Member of the Ghana Parliament for Assin North Constituency
- In office 7 January 2013 – 6 January 2017

Personal details
- Born: 1 March 1972 (age 54)
- Party: National Democratic Congress
- Education: University of Education, Winneba

= Samuel Ambre =

Ghanaian politician

Samuel Ambre (born 1 March 1972) was a member of the Sixth Parliament of the Fourth Republic of Ghana representing the Assin North in the Central region of Ghana.

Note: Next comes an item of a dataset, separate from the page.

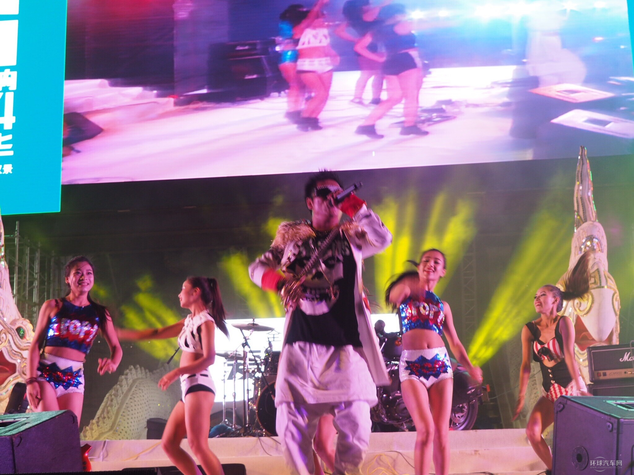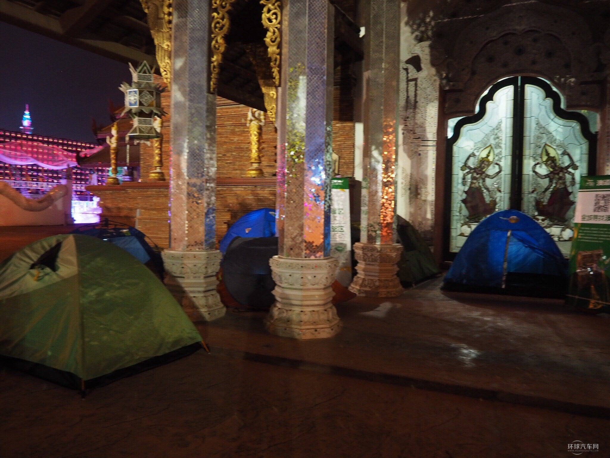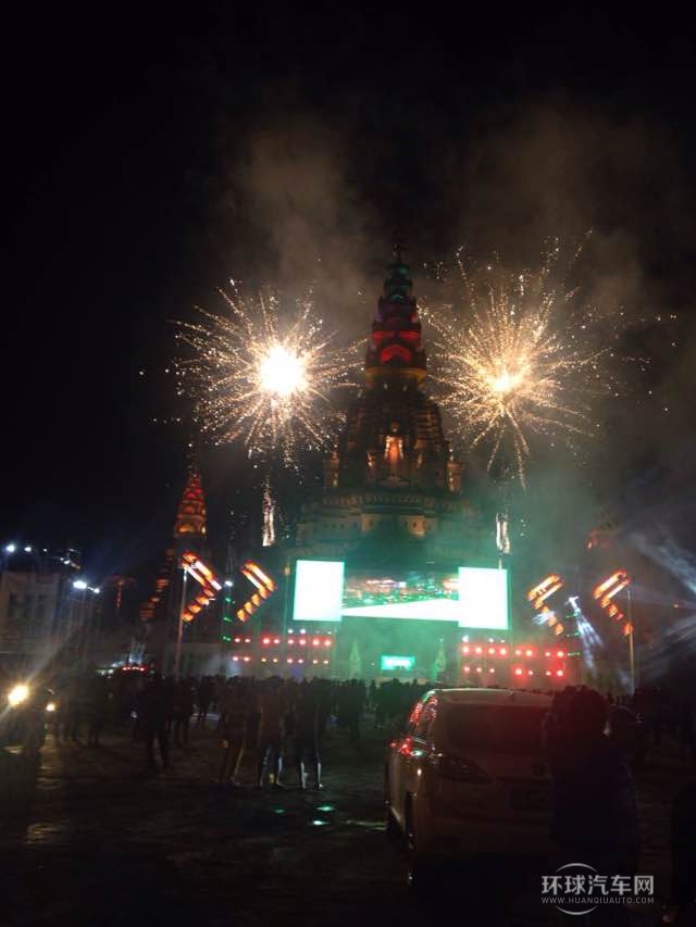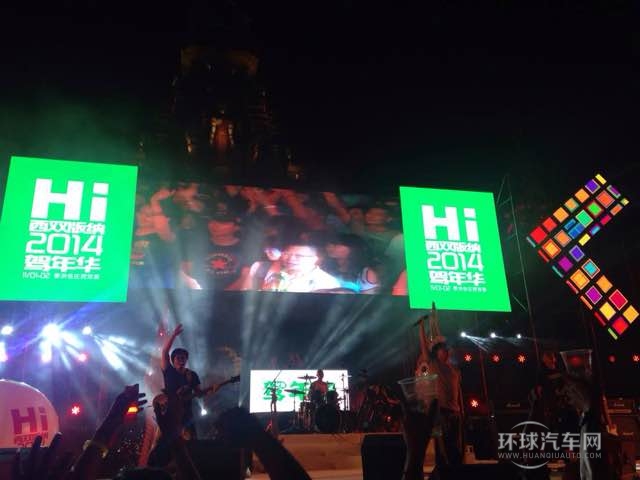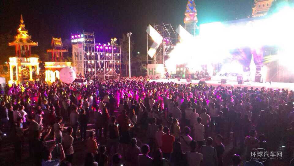 入夜時分,大金塔廣場金碧輝煌、燈火通明。在大金塔前架起的面積近200平米的LED大舞臺成為全場注目的焦點,一場通宵汽車音樂晚會真正引爆駕年華盛會的最高潮。

== Early life and education ==
Ambre was born on 1 March 1972 in Oppong Valley in the Western region of Ghana. He holds a bachelor's degree in education in Early Childhood Care and Development at University of Education, Winneba.

== Career ==
Ambre is an educationist. Prior to becoming a member of the Parliament of Ghana, he was a teacher at Twifo Praso Basic School in Twifo Praso.

== Politics ==
He is a member of the National Democratic Congress (NDC). In 2012, Ambre contested in the 2012 Ghanaian General Elections under the ticket of the NDC and won, giving him the chance to represent the Assin North constituency. He garnered 14,338 votes which represents 51.64% of the valid votes cast and hence defeated the other contestants including Ebenezer Appiah-Kubi, Akakpo John Gameley, Sanni Mahama and Daniel Gibson Gyetuan.

However, when he contested in the 2016 Ghanaian General elections, he lost to Abena Durowaa Mensah of the New Patriotic Party and hence could not get a second chance to represent his constituency.

== Personal life ==
He is married with three children. He is a Christian (Methodist).